═══ Data listing ═══

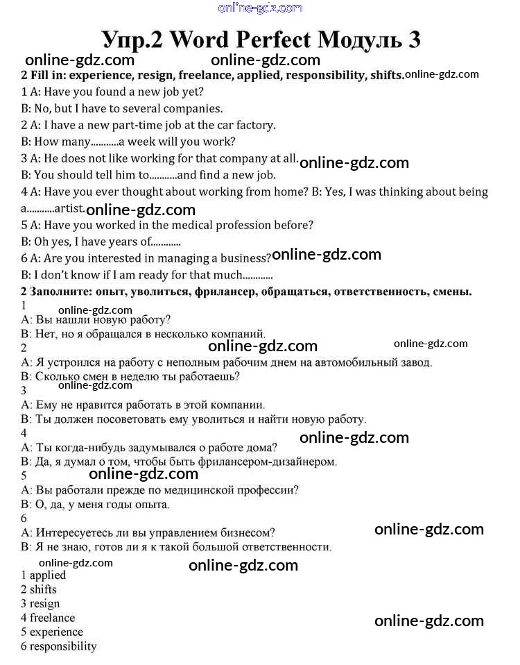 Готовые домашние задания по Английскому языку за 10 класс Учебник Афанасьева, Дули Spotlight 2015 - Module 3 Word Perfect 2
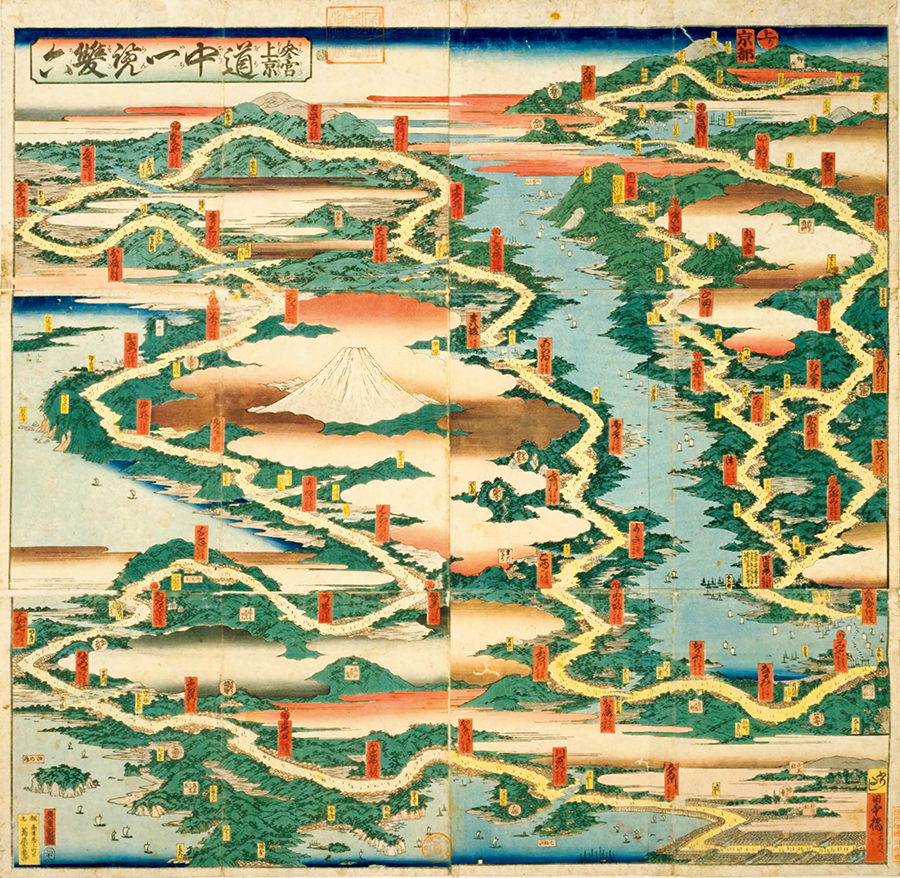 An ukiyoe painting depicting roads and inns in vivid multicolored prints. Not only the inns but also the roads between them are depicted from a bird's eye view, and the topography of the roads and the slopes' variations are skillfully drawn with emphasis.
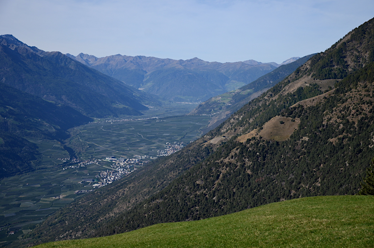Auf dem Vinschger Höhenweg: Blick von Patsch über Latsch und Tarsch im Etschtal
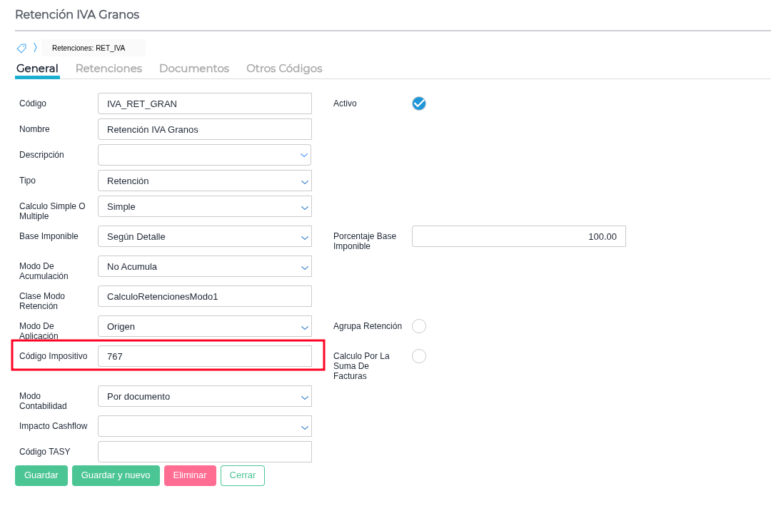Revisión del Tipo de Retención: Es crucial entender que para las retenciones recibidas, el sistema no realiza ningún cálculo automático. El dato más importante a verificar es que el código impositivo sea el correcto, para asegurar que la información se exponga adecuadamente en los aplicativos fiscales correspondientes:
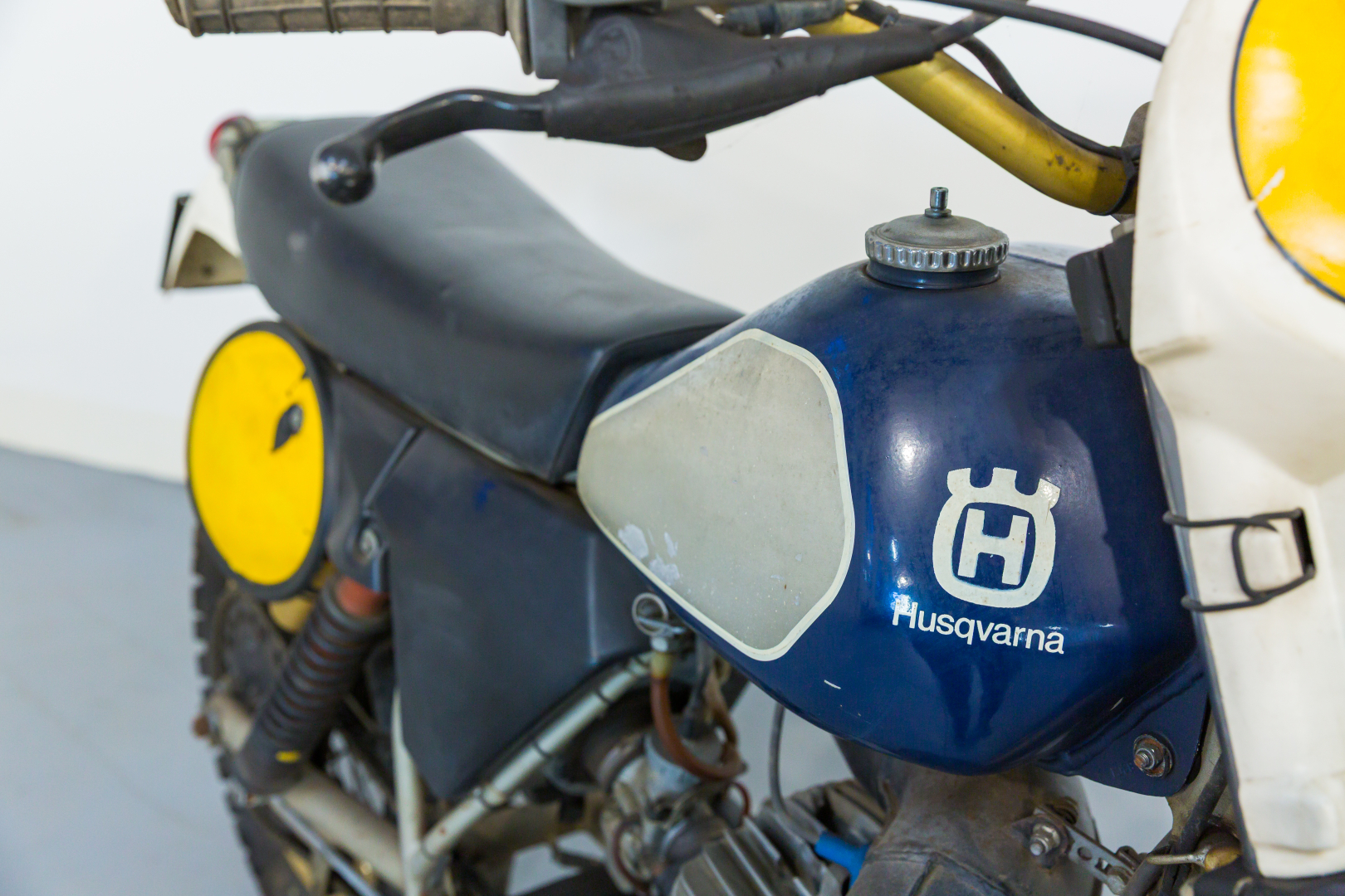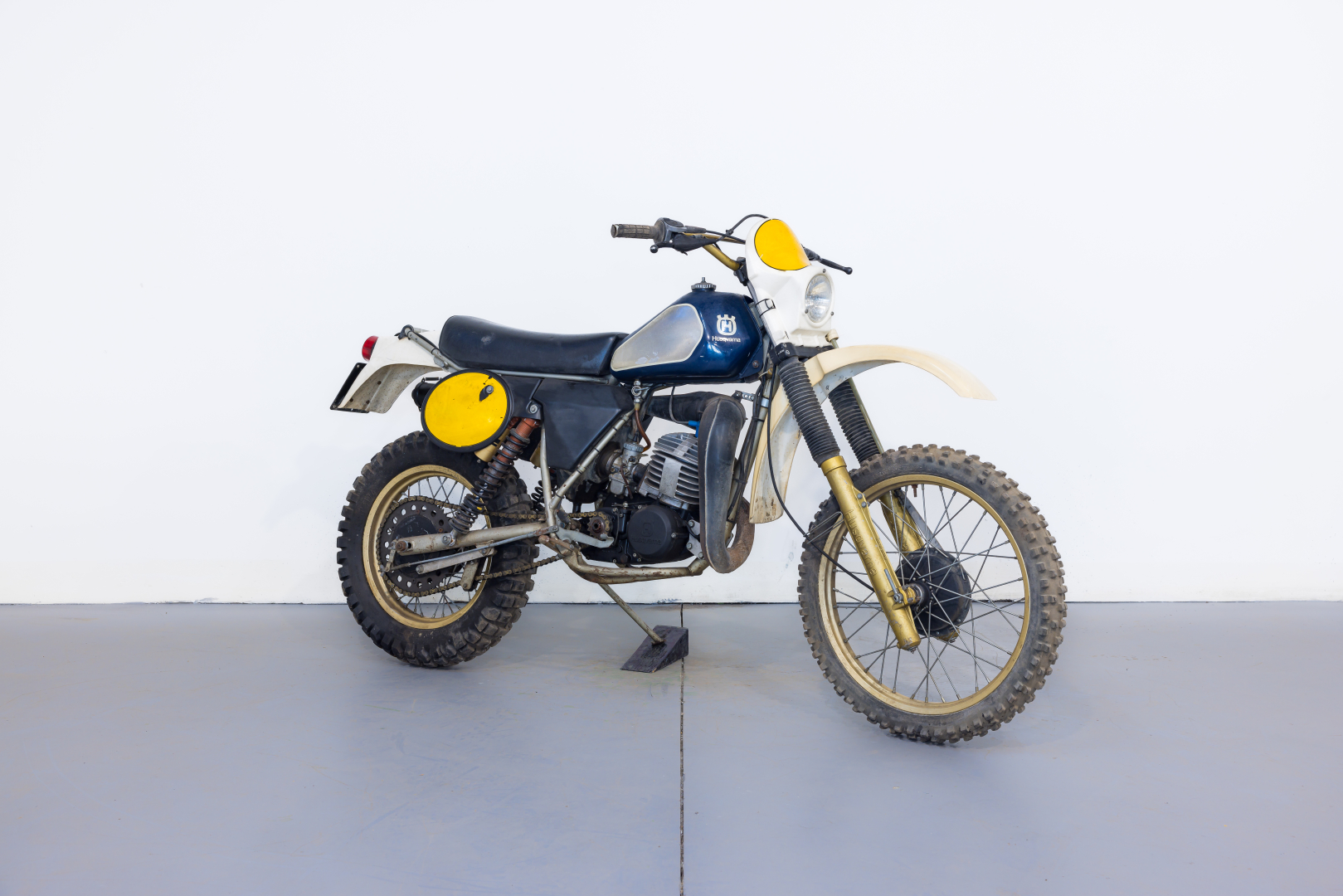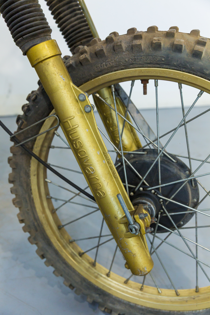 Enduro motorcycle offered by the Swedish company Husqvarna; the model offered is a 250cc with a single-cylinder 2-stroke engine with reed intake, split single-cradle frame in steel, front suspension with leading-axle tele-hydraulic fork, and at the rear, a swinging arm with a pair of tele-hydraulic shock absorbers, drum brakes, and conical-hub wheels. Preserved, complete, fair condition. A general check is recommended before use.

═══

Type out each line of the records above exactly, skipping any pictures.

• Task response:
 Готовые домашние задания по Английскому языку за 10 класс Учебник Афанасьева, Дули Spotlight 2015 - Module 3 Word Perfect 2
 An ukiyoe painting depicting roads and inns in vivid multicolored prints. Not only the inns but also the roads between them are depicted from a bird's eye view, and the topography of the roads and the slopes' variations are skillfully drawn with emphasis.
Auf dem Vinschger Höhenweg: Blick von Patsch über Latsch und Tarsch im Etschtal
Revisión del Tipo de Retención: Es crucial entender que para las retenciones recibidas, el sistema no realiza ningún cálculo automático. El dato más importante a verificar es que el código impositivo sea el correcto, para asegurar que la información se exponga adecuadamente en los aplicativos fiscales correspondientes:
 Enduro motorcycle offered by the Swedish company Husqvarna; the model offered is a 250cc with a single-cylinder 2-stroke engine with reed intake, split single-cradle frame in steel, front suspension with leading-axle tele-hydraulic fork, and at the rear, a swinging arm with a pair of tele-hydraulic shock absorbers, drum brakes, and conical-hub wheels. Preserved, complete, fair condition. A general check is recommended before use.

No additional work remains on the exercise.